What is required: Return every line below as is, leaving out the pictures.

Provided data:
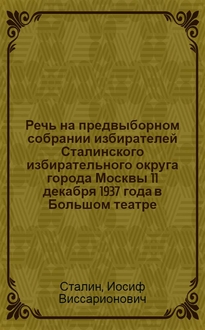 Речь товарища И.В.Сталина на предвыборном собрании избирателей сталинского избирательного округа г.Москвы. 11 декабря 1937 года в Большом ...
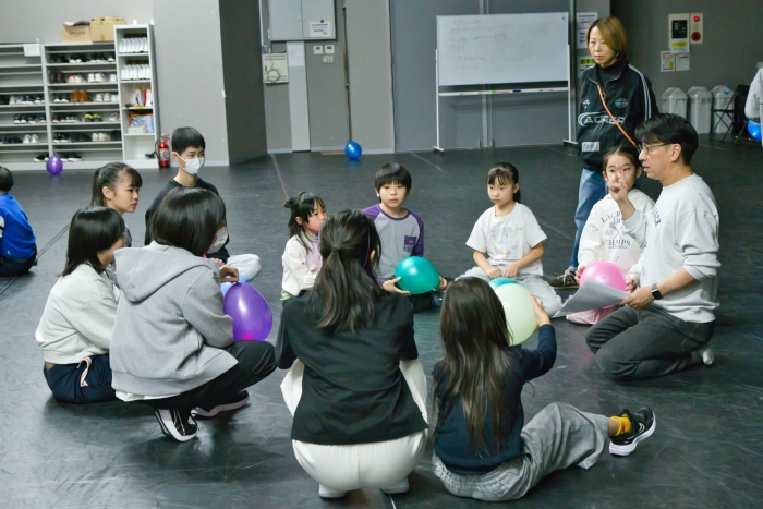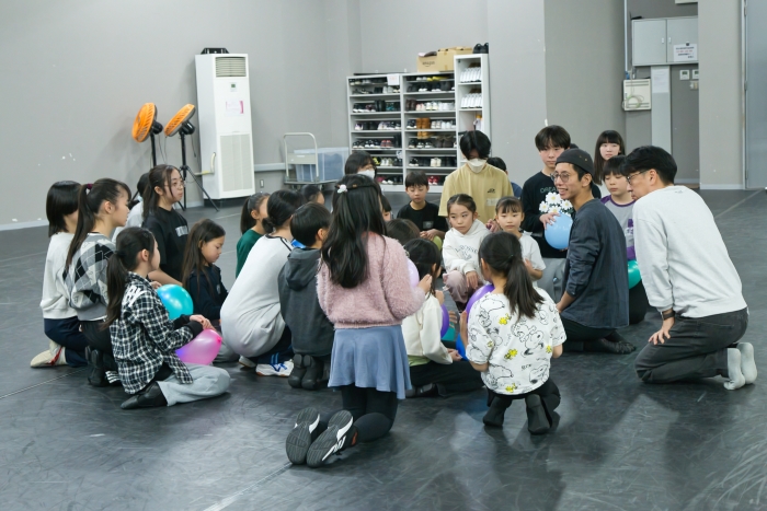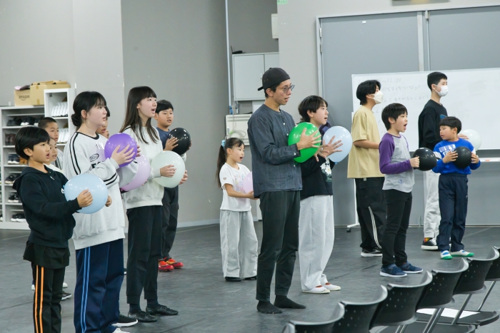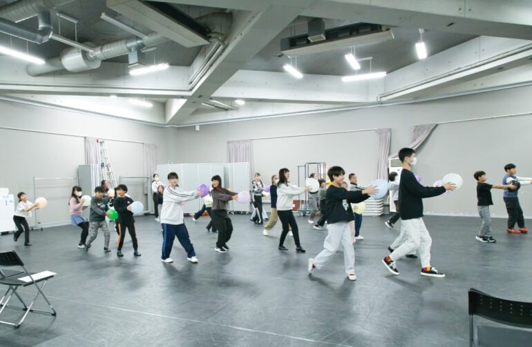 美木は風船を用いた振付を考案。今回の参加者は小学1年生から中学3年生までと年齢にバラツキがあり、ダンス経験者もいれば未経験者も参加している。「幅広い世代の子どもたちがいるからこそ、難しい振付を覚えるよりも、アイテムと共に動く中で表現を学ぶ方が、このワークショップには適していると考えた」と、美木は語る。この狙いは見事にハマっていたように思う。「風船を大切なものだと思って動かしてね」。美木の声掛けで、すでに表現力が培われている年上組の参加者はもちろん、小学校低学年の子たちの動きにも、はっきりとした変化が表れていった。また、小道具を大切に扱うという舞台人として欠かせない意識も、自然と共有されていったように感じられた。
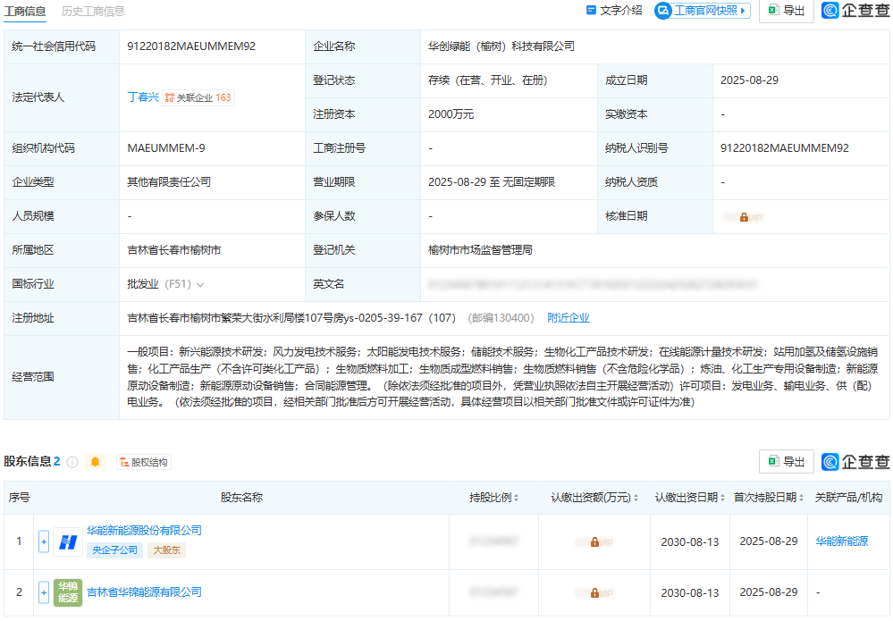 近日,华创绿能(榆树)科技有限公司成立,法定代表人为丁春兴,注册资本2000万元。

Answer to this problem:
 Речь товарища И.В.Сталина на предвыборном собрании избирателей сталинского избирательного округа г.Москвы. 11 декабря 1937 года в Большом ...
 美木は風船を用いた振付を考案。今回の参加者は小学1年生から中学3年生までと年齢にバラツキがあり、ダンス経験者もいれば未経験者も参加している。「幅広い世代の子どもたちがいるからこそ、難しい振付を覚えるよりも、アイテムと共に動く中で表現を学ぶ方が、このワークショップには適していると考えた」と、美木は語る。この狙いは見事にハマっていたように思う。「風船を大切なものだと思って動かしてね」。美木の声掛けで、すでに表現力が培われている年上組の参加者はもちろん、小学校低学年の子たちの動きにも、はっきりとした変化が表れていった。また、小道具を大切に扱うという舞台人として欠かせない意識も、自然と共有されていったように感じられた。
 近日,华创绿能(榆树)科技有限公司成立,法定代表人为丁春兴,注册资本2000万元。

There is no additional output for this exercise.